A 'client' in my example will be any process in my system that wish to sign as one that 'server' needs to wait until he'll finish booting.
My problem is that the entire process above most be done in build time, because otherwise I am vulnerable to race cases, such as the following example:
Let's say my 'server' process finished his initial boot and he is ready, and he was the first process to boot in the system. In that case, if another CPU will query him - he will response that all 'clients' are ready (even if no one listed). So when other 'clients' will boot and list on it - it will be too late.

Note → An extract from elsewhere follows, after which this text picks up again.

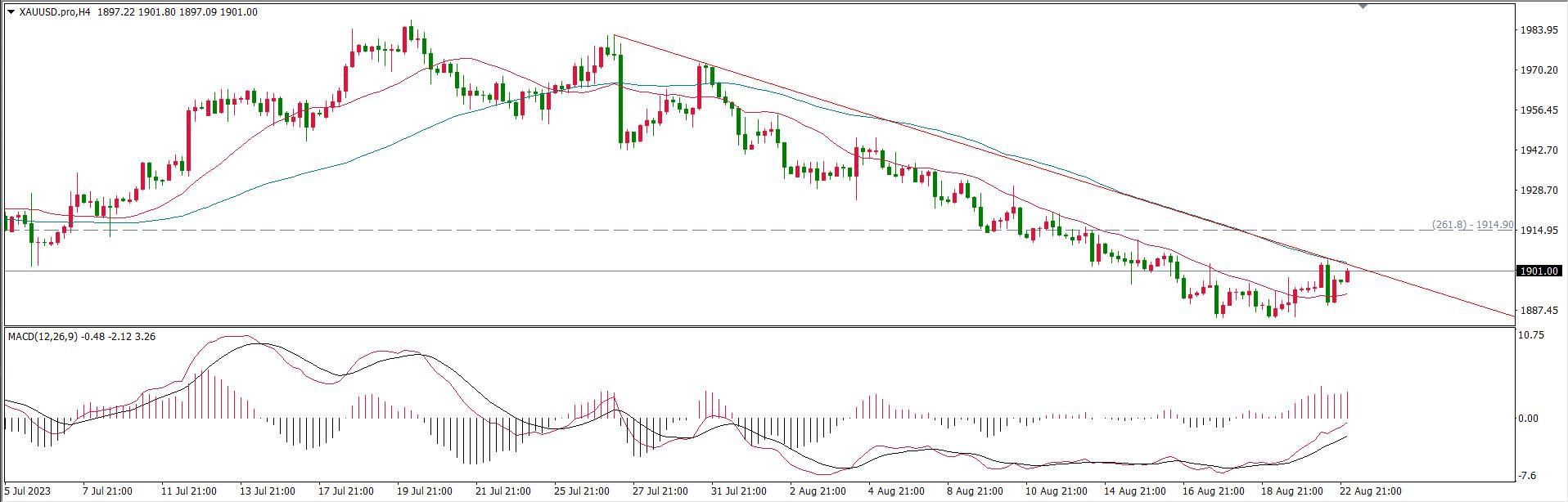 昨天黄金触及下降通道上轨后回到1890,早盘再次上探,说明下方1885的支撑作用目前是非常明确的。从图中我们可以观察到,通道上轨处,还有60日均线与之重合,形成了双重压力位。在没有上破之前,可以做空,但是千万不要扛单,或许会迎来一波反弹,但是不能确定为反转,因为月线和周线级别都需要考虑1915的重要压力得失情况。
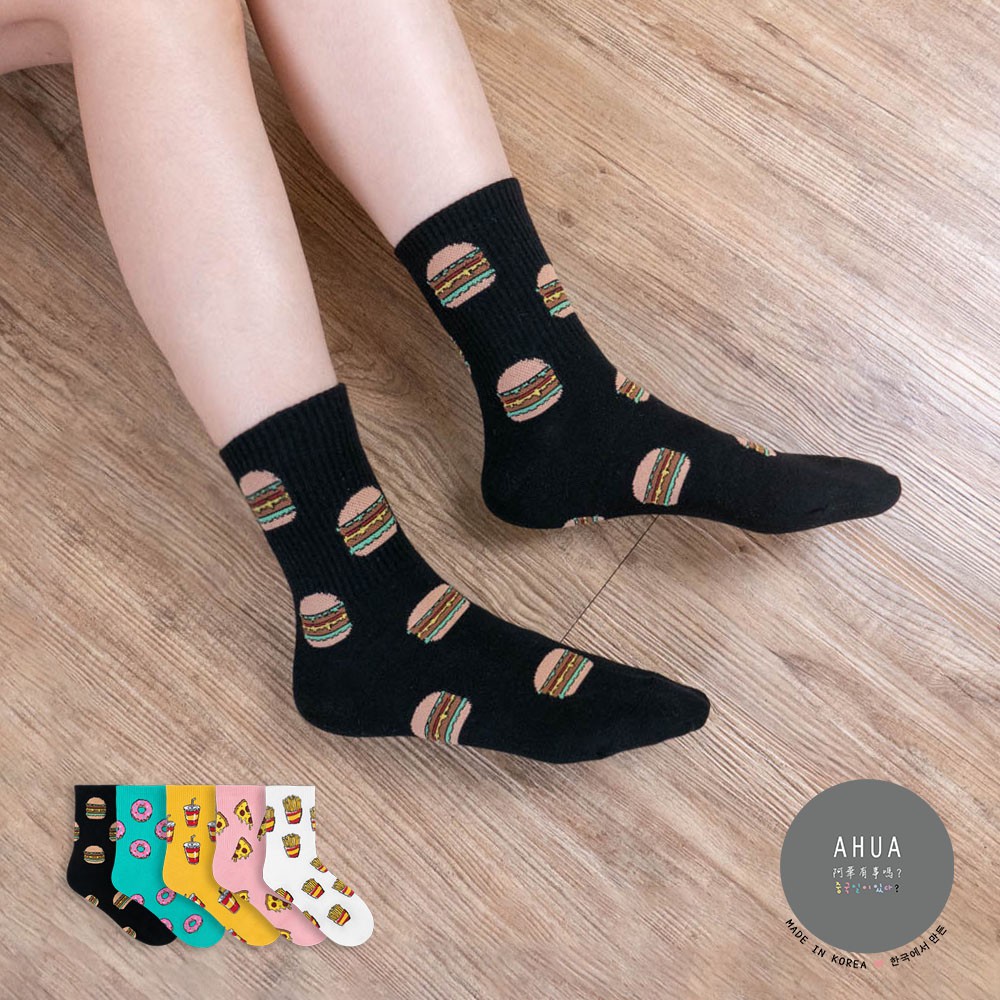 阿華有事嗎AUHA 韓國襪子 彩底滿版速食中筒襪 K0958 少女襪 韓妞必備長襪 百搭純棉襪

I want to build a generic solution, so once I finished building my environment - the 'server' process will 'know' how many 'clients' should sign up during system boot.
Any ideas here?
Thank you all
Here is what I have understood:
you want to build a service that will report whether other clients are up or not
you want the list of clients to be dynamic - ie a client could register or unregister at will
you want the list of clients to be persistent - the service should know the current list of clients immediately after each boot
A common way for that kind of requirement is to use a persistent database where the client can register (add one line) or unregister (delete their own line). The service has then only to read the database at boot time or on each request.
You cant then decide :
whether you want to use a simple file, a lite database (SQLite) or a full database (PosgreSQL, MariaDB, ...)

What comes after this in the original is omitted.